== DATA PROVIDED ==
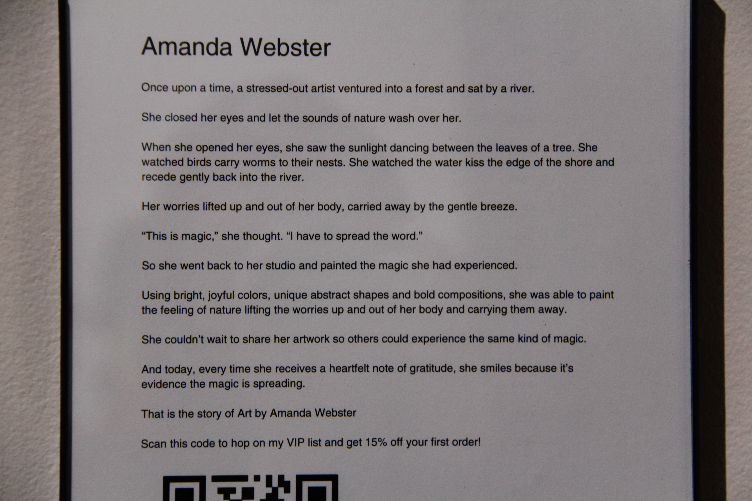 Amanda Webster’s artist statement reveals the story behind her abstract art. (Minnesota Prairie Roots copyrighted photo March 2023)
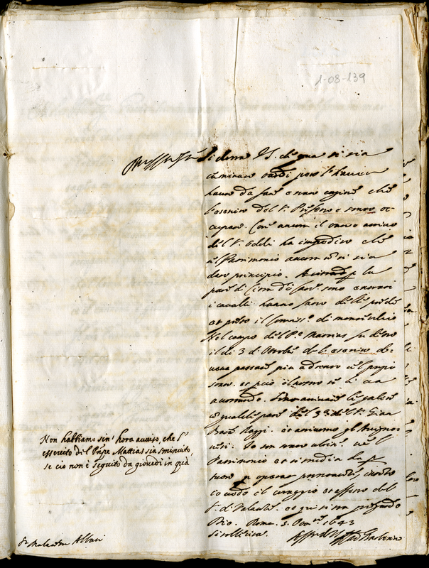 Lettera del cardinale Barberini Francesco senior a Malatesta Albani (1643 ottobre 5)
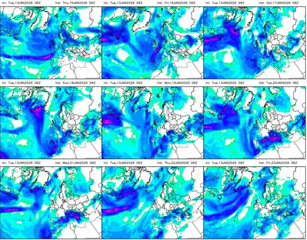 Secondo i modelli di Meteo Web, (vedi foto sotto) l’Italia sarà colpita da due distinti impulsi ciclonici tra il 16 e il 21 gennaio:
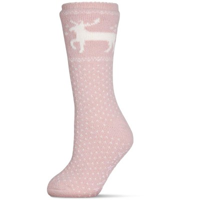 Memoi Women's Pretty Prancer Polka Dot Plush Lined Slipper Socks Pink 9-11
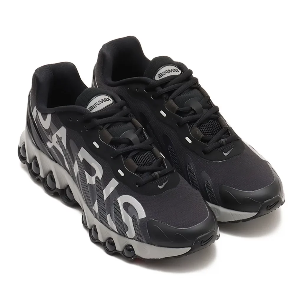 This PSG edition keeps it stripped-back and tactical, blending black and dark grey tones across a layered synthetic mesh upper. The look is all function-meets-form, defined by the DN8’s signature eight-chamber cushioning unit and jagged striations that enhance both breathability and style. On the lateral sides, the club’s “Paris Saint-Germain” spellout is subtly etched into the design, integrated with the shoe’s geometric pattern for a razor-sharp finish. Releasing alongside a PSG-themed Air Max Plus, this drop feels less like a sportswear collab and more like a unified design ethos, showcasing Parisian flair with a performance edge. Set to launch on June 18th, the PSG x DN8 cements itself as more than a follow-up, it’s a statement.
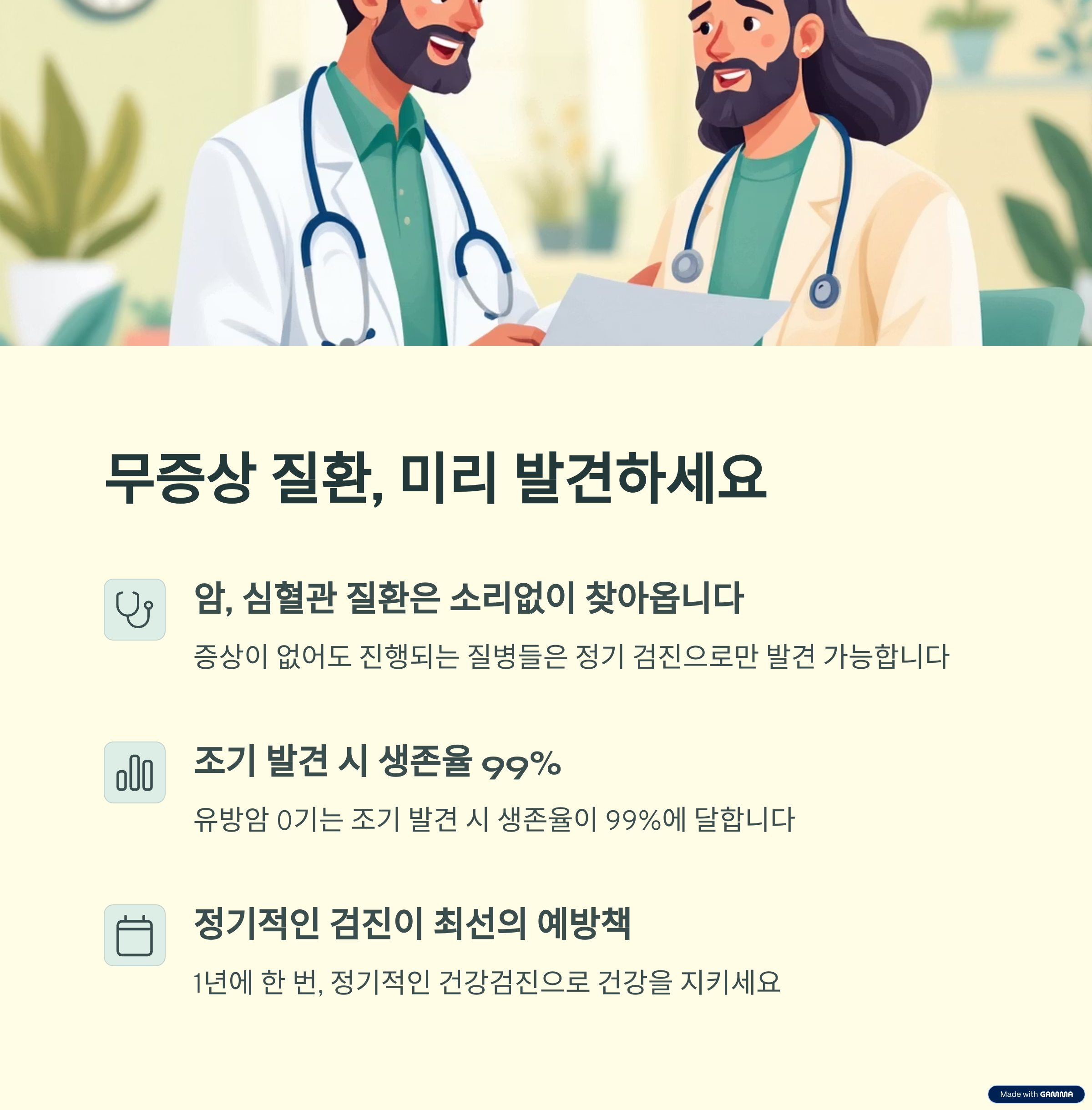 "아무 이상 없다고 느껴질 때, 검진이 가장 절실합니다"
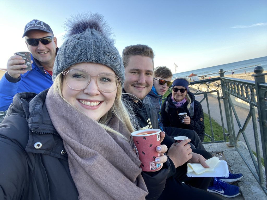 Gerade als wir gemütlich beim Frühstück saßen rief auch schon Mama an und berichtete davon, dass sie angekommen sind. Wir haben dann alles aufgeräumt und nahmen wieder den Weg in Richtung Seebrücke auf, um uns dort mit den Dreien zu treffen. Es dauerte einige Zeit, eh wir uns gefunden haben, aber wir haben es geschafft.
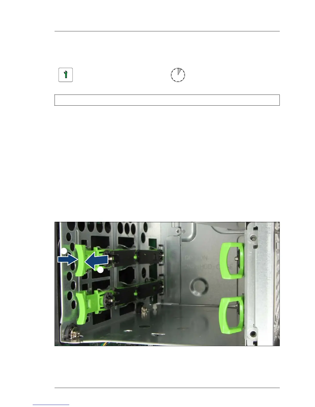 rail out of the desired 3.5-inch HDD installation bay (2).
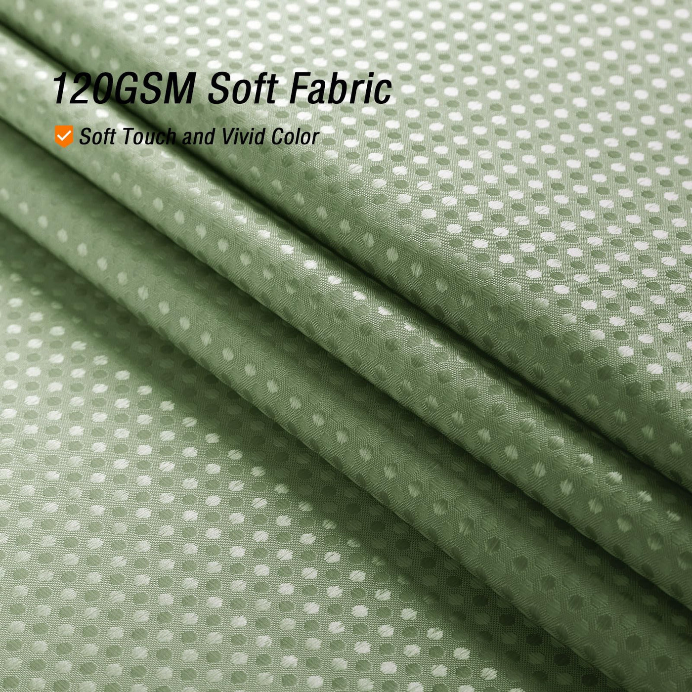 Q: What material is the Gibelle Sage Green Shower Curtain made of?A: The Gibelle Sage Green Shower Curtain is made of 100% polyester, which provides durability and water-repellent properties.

== TASK PROMPT ==
Your copy should hold only the lines from the line with "rail out of" through the end of the data above, both ends included, transcribed exactly and without pictures.

== EXERCISE RESULT ==
 rail out of the desired 3.5-inch HDD installation bay (2).
 Q: What material is the Gibelle Sage Green Shower Curtain made of?A: The Gibelle Sage Green Shower Curtain is made of 100% polyester, which provides durability and water-repellent properties.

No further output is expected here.